Krallinger Martin, Malik Rainer, Valencia Alfonso
Dep. Struct. Comp. Biology Spanish National Cancer Centre (CNIO), Melchor Fernández Almagro, 3, E-28029 Madrid, Spain.
Genome Inform. 2006;17(2):121-30.
Existing biological knowledge stored as structured database records has been extracted manually by database curators analyzing the scientific literature. Most of this information was derived from sentences which describe biologically relevant aspects of genes and gene products. We introduce the Protein description sentence (Prodisen) corpus, a useful resource for the automatic identification and construction of text-based protein and gene description records using information extraction and text classification techniques.
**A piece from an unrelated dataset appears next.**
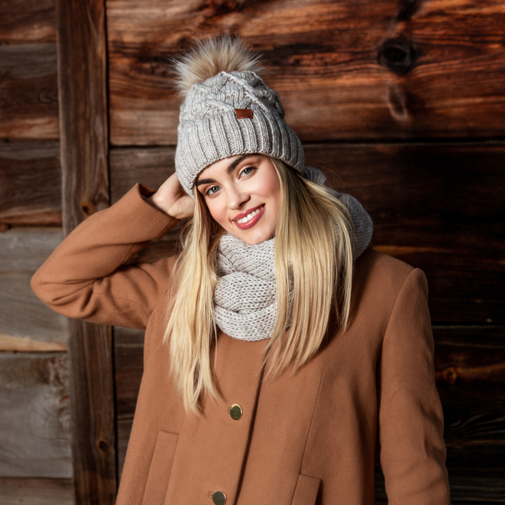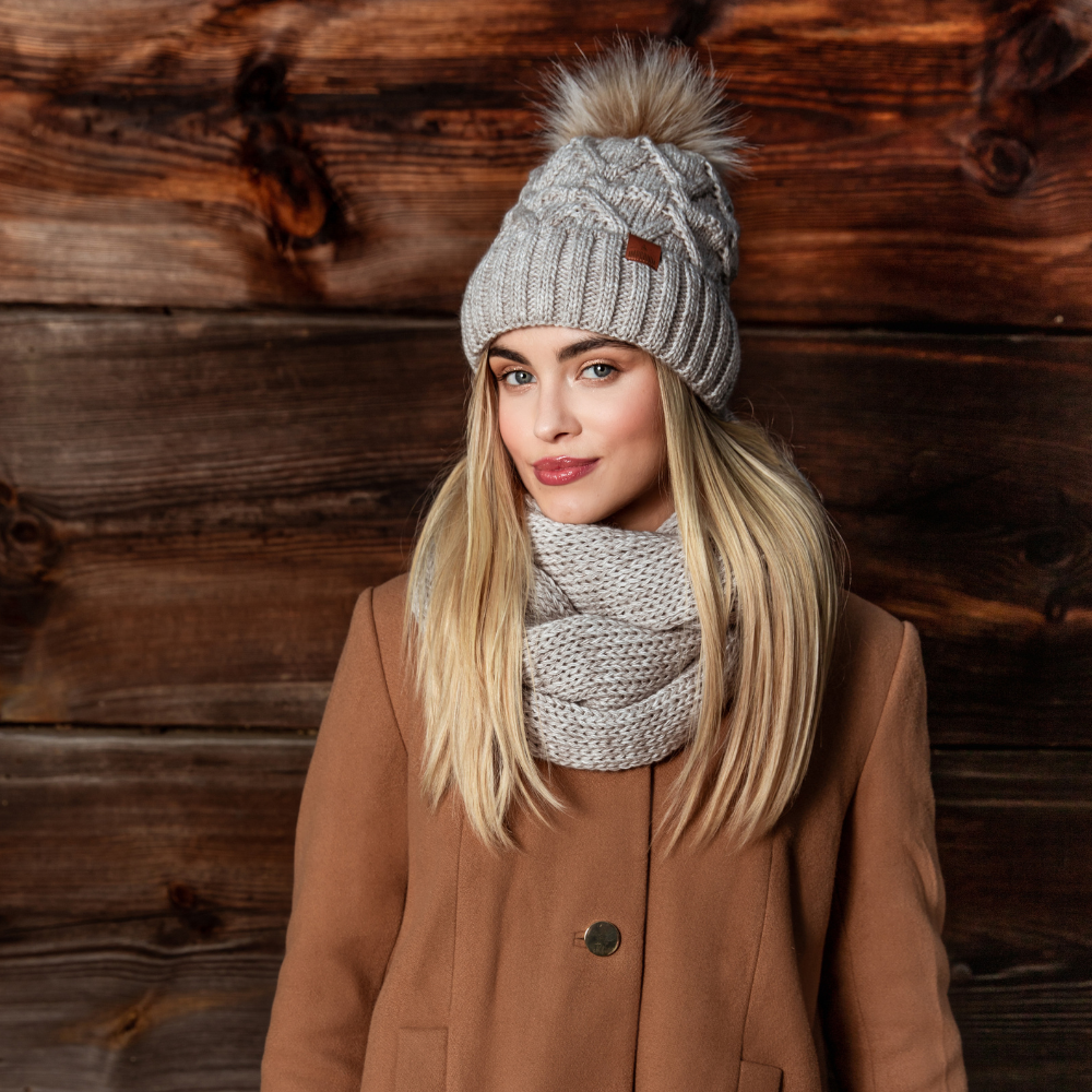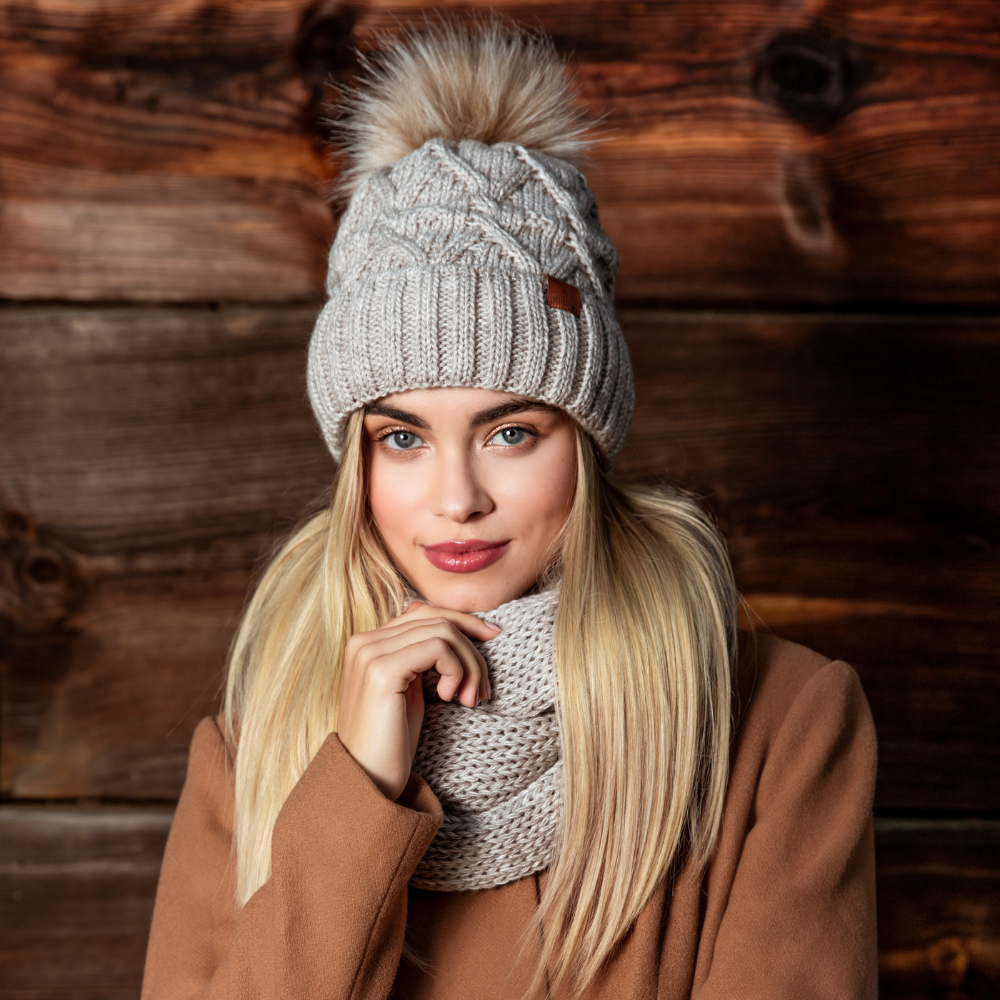Niezwykle ciepły i uroczy damski komplet na zimę w kolorze beżowym. W skład zestawu wchodzi czapka z puchatym pomponem ocieplona wysokogatunkowym mikropolarem oraz duży komin zakładany na dwa razy. Idealny wybór na prawdziwie mroźne zimy :)

Basic guidelines and criteria relevant for the construction of a text corpus of functional descriptions of genes and proteins are proposed. The steps used for the corpus construction and its features are presented. Moreover, some of the potential applications of the Prodisen corpus for biomedical text mining purposes are explored and the obtained results are presented.
作为结构化数据库记录存储的现有生物学知识已由数据库管理员通过分析科学文献手动提取。这些信息大多来自描述基因和基因产物生物学相关方面的句子。我们引入了蛋白质描述句子(Prodisen)语料库,这是一个利用信息提取和文本分类技术自动识别和构建基于文本的蛋白质和基因描述记录的有用资源。提出了与构建基因和蛋白质功能描述文本语料库相关的基本指南和标准。介绍了语料库构建所采用的步骤及其特点。此外,还探讨了Prodisen语料库在生物医学文本挖掘方面的一些潜在应用,并展示了所获得的结果。